On Thursday 31 December 2015 13:34:17 Alan McKinnon wrote:
> On 31/12/2015 13:19, Peter Humphrey wrote:
> > Hello list,
> > 
> > I've built a separate system in spare partitions, using the
> > desktop/plasma profile and the kde overlay, to see how I like it.
> > 
> > I don't.
> > 
> > I won't list all my objections here, but I have attached two screen
> > shots of KMail: one in the standard qt4 KDE environment and the other
> > in qt5. You can see how much less compact the qt5 version is, even
> > after I've fiddled at some length with fonts and qt tweaks, including
> > installing the noto fonts which you see here. And the qt5 screen shot
> > is half as big again as the qt4.
> > 
> > My question to the panel is: is this just a temporary stage of
> > development, or are we going to have to live with it down the years?
> 
> A lot of what you see there is not Qt itself, but the theme.

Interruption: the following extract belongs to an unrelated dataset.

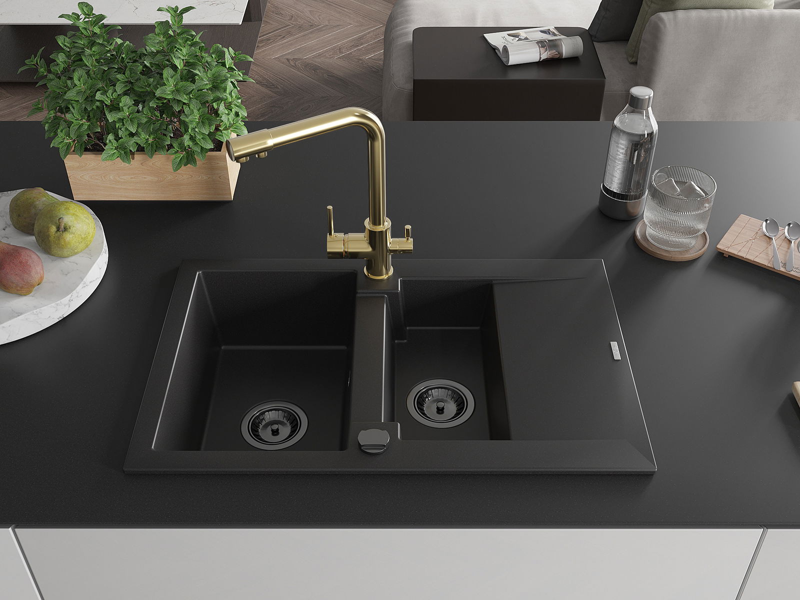 Мивката е направена от висококачествен гранит. Това е елегантно и най -вече практично допълнение към всяка кухня, независимо от нейния стил. Висококачествената и гранитна издръжливост осигуряват много години употреба.

Yes, I understand that, but it's not easy for an ordinary user to separate 
them. Someone who designs a whole theme is not an ordinary user, either.

> The modern trend in gui elements is to make them less busy, use more
> whitespace and try to display on thing on the screen at a time (less for
> the user to focus on). You can see this for yourself: look at typical
> web sites over the last 15 years, then compare how gui elements are done
> in kde3, 4 and now 5. You will see a pattern. It's also in OSes and
> toolkits: gnome, macs, windows since 8. And on your tablets and phone.
> 
> The Qt5 theme you are looking at reflects this general trend.

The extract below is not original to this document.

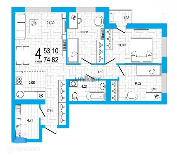 Предлагаем четырех комнатную квартиру в Демском районе в ЖК Эко-город Яркий

I know what you mean, Alan. As my Scottish landlady used to say in the '60s, 
the world's going to pigs and whistles. It's part of the apparently 
universal trend to dumb everything down (even BBC Radio 3!) - and having 
mobile devices take over from the desktop isn't going to help one whit. 
Meanwhile, those who don't need or enjoy being condescended to have to suffer 
the banality.

> I have not found a Qt5 theme that looks Qt4-esque, but it's totally
> possible to do it.
> 
> I think in your case, you should go back to Qt4 until a quality theme is
> available for Qt5 that you like. Do keep in mind that Qt4 is already a
> good distance down the end-of-life process so you will have to switch to
> Qt5 some time (but not today or tomorrow)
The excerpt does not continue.